#Empire season 2 episode 1 raping in jail crack
Cherry juice for my smoothies, purple kale.” He goes into the vegan cookies, whole roasted almonds with the sugar coating - crack almonds. “Grocery List Sex” (Season 1, Episode 3) : “Are those groceries?” asks Piper, talking to Larry on the prison payphone. The next day she’s served a dirty tampon on an English muffin, following a painful few days of being “starved out.” And in front of the cafeteria’s dictatress, Red. “It comes in cans marked ‘Desert Storm.’” Huddled in the prison womb and feeling a little too cozy at her first breakfast, Piper lets slip what everyone already knows - the food is disgusting - but would never say out loud. Quickly, Piper is initiated into Litchfield’s cafeteria culture. “The Tampon Muffin” (Season 1, Episode 1): From the get-go, OITNB makes it clear that food is a weapon used to divide and disgust. Below, a look back through OITNB’s most ferocious food moments. (Tip: Kool-Aid, when mixed with Vaseline, makes a quick, tasty lip gloss, à la Sophia.) And where so many television shows choose not to portray female characters’ appetites and eating habits - especially in such a primal way - OITNB points the camera directly at these moments. Inmates save up for commissary, pass each other ramen packets, and make homemade hooch from moldy bread, Kool-Aid, and old fruit. On so many occasions, the food in Orange Is the New Black is a device that moves the plot along or settles on a simple point: the novelty of eating (or drinking) for pleasure. But, like high school, mealtimes are when Litchfield’s cliques form, disintegrate, and face off. There is no high-school-style sulking in the bathroom.

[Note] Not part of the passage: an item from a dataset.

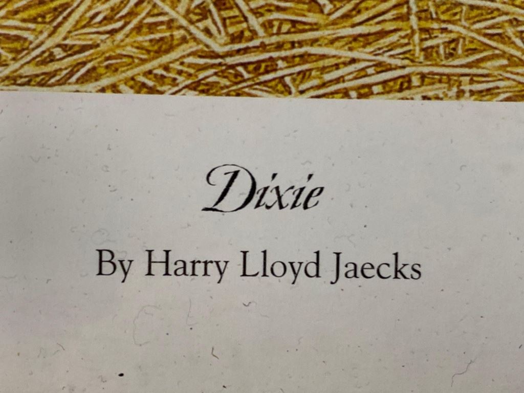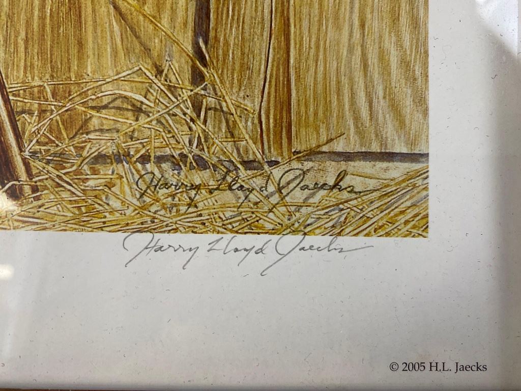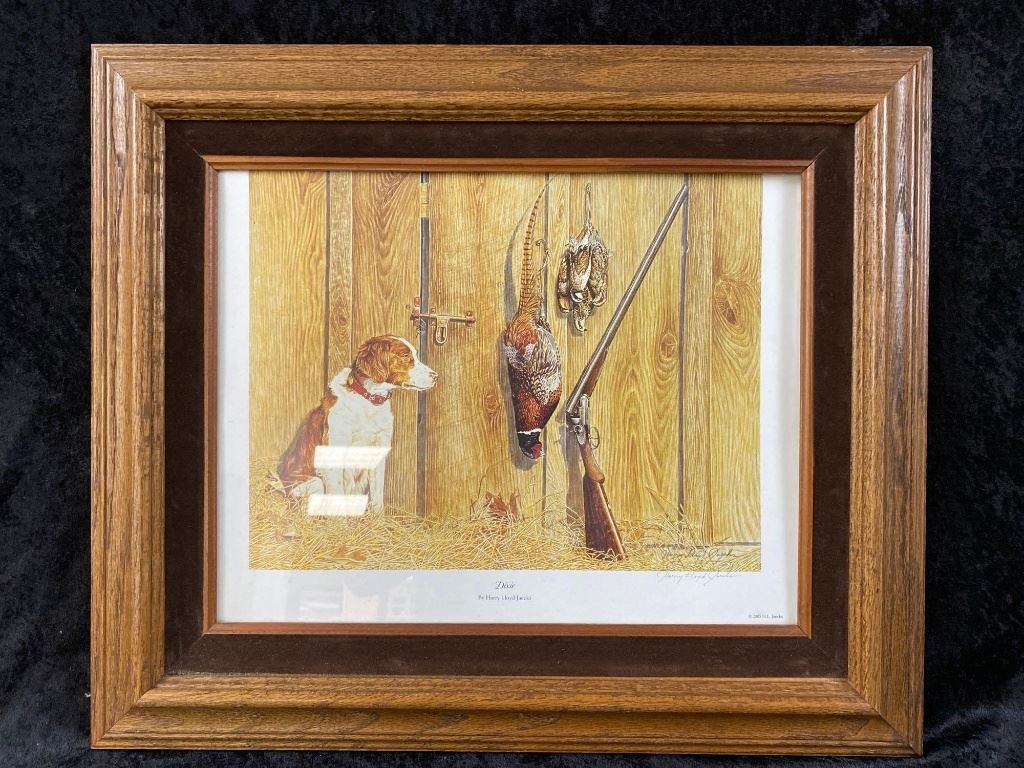 Harry Lloyd Jaecks print, "Dixie" depicting the faithful bird dog and shotgun.  The piece is well completed matted and well framed.  The reverse is signed with a lengthy note to the original owner from the artist.
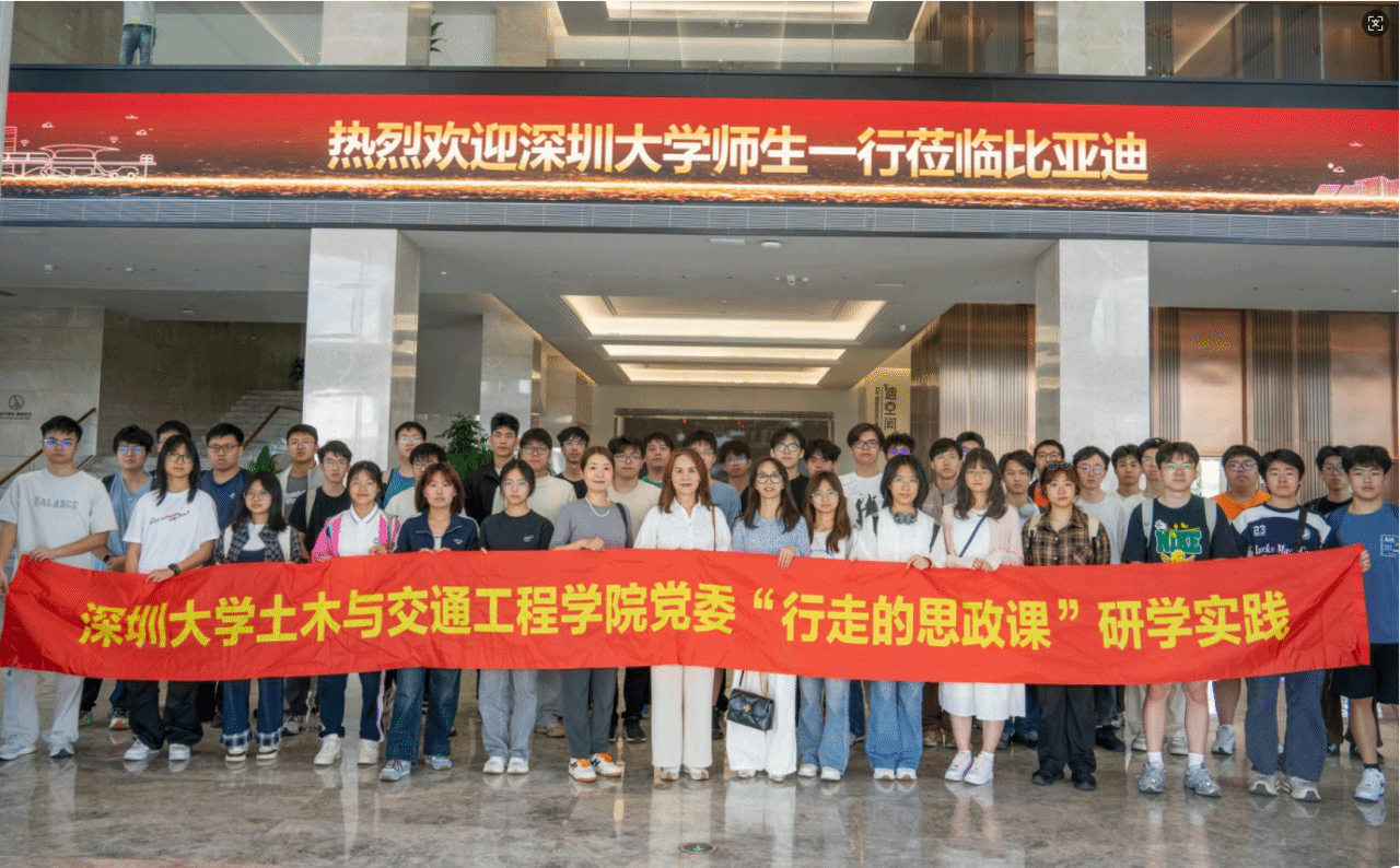为深入贯彻落实立德树人根本任务,创新思政教育形式,将思政小课堂与社会大课堂紧密结合,3月19日,学院党委书记左英姿带队,以“行走的思政课”形式开展了新学期“思政第一课”。学院院长助理裴纯、党务秘书熊玉芬及2025级本科生及毕业生代表一行50人共同参加,前往全球新能源领军企业——比亚迪股份有限公司进行实地研学参观。

Whether on hunger strike or in chemotherapy, showing up to the cafeteria is obligatory. Barely an episode goes by without a cafeteria scene, the setting for a tri-daily tableau where prisoners are forced to cohabitate as one seething, hungry organism. Other times, it’s a reward, a symbol of alliance and an olive branch. At times, it’s divisive - a punishment for making the wrong move. At Litchfield, food becomes everything from a vessel for conflict to a talisman imbued with spiritual energy. But despite the lack of variety, the way food is dealt with is no less complicated than it is for women on the outside. The women at Litchfield Penitentiary technically have only one option when it comes to food.